Secondo quanto riporta Il Sole 24 Ore, una ragazza di 17 anni, affetta da «disturbo specifico misto di apprendimento», era stata oggetto di atti sessuali da parte dell’insegnante, prima nei locali della scuola, poi fuori dall’istituto.

Rispetto ai contestati atti sessuali «repentini» compiuti dal professore nei confronti della studentessa, per i giudici togati non si configura alcun reato. Per la Cassazione la vittima, avrebbe dovuto esprimere un dissenso. «Dissenso che deve essere ovviamente sussistente – si legge nella sentenza -. L’eventuale consenso, manifestato in un momento immediatamente successivo all’atto sessuale repentino non consente di configurare alcuna condotta costrittiva».

La ragazza, infatti, subito dopo aver subito le avance del suo professore aveva dichiarato di aver provato «sensazioni positive al contatto fisico con l’insegnante».

«Peraltro – sottolinea ancora la Cassazione – anche per escludere la rilevanza penale delle condotte sessuali repentine non è sufficiente il consenso o comunque la mancanza di dissenso, dovendo verificarsi se tale stato psicologico da parte di chi subisce gli atti sessuali sia eventualmente viziato». Nel caso in questione, nonostante la contestata condizione di inferiorità psicologica della ragazza nei confronti del professore, visto anche il deficit cognitivo della giovane, la Cassazione ha affermato che i giudici di merito «giustamente» hanno escluso l’incapacità della ragazza di «determinarsi rispetto ad una scelta».

«Con motivazione niente affatto illogica – spiega la Cassazione – la Corte di appello ha infatti puntualmente richiamato, in proposito, la decisione della giovane di non accompagnare l’insegnante nel bagno proprio in quanto aveva già capito che voleva fare sesso con lei; sicchè ogni ipotesi di vizio del consenso è stata coerentemente esclusa, così come la menzionata condizione di inferiorità, fisica o psichica, della quale l’agente abbia abusato».

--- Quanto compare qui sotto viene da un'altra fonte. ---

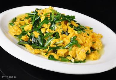 新鲜韭菜100克,洗净切碎,鸡蛋3只(去壳),同切碎之韭菜捣匀,用素油、食盐同炒至熟佐食。这样可以温中养血,温肾暖腰膝,壮阳。
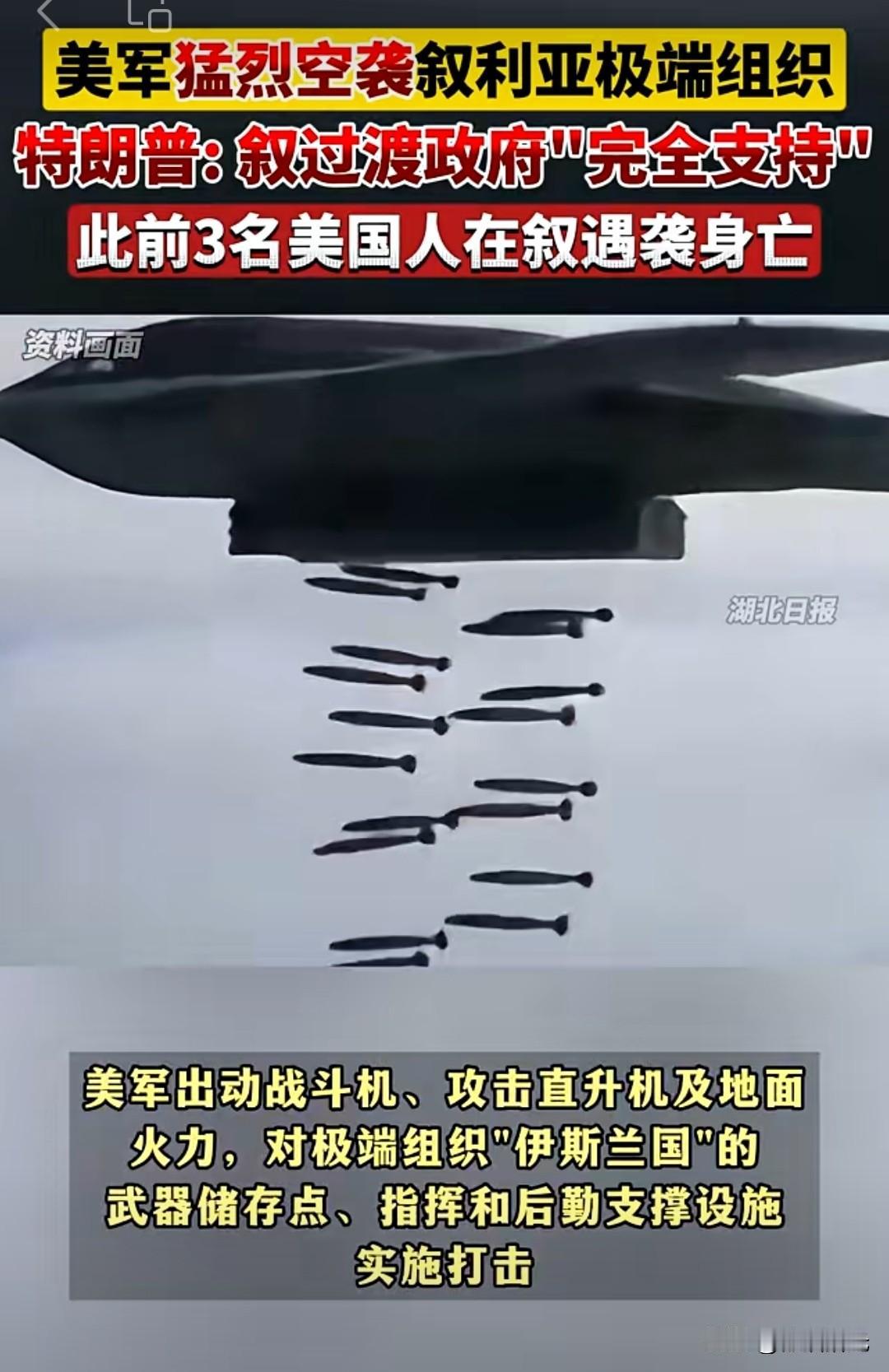 【忽发消息】美国向叙利亚“伊斯兰国”发动猛烈攻击… 2025年12月19日美军在叙利亚发动“鹰眼打击行动”,以回应12月13日极端组织“伊斯兰国”(ISIS)造成美方3死3伤的袭击,打击叙中部70多个ISIS目标,约旦协同支援 … 美军这次动用了F-15E、A-10战机和AH-64阿帕奇直升机,海马斯火箭炮,100+精确制导导弹,看来是真的冒火了! 美国这次搞这么大的动劲,应该不仅仅是为了给前面那“3死3伤”的美国大兵报仇吧?
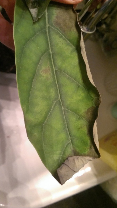 I'm more worried about the small they are just small brown spots but they have spread throughout the entire leaf, and there are two more which are nearly completely brown, and.

“Quanto poi al contestato abuso di autorità dell’insegnante nei confronti del minore-precisa Il Sole 24 Ore-, per i giudici togati «non è dato configurare alcun abuso dei poteri connessi alla posizione di docente. Infatti gli atti sessuali non ebbero luogo attraverso una qualche forma di esercizio dei poteri derivanti dall’ufficio svolto – si legge nella sentenza – non emergendo affatto, quantomeno alla stregua di quanto riportato dalla sentenza impugnata, che il docente avesse ad esempio costretto la ragazza a trattenersi nei locali contro la sua volontà, che avesse allontanato altri studenti per poter stare solo con lei: in breve che si fosse avvalso di qualunque delle facoltà derivanti dal suo status per commettere le contestate attività sessuali».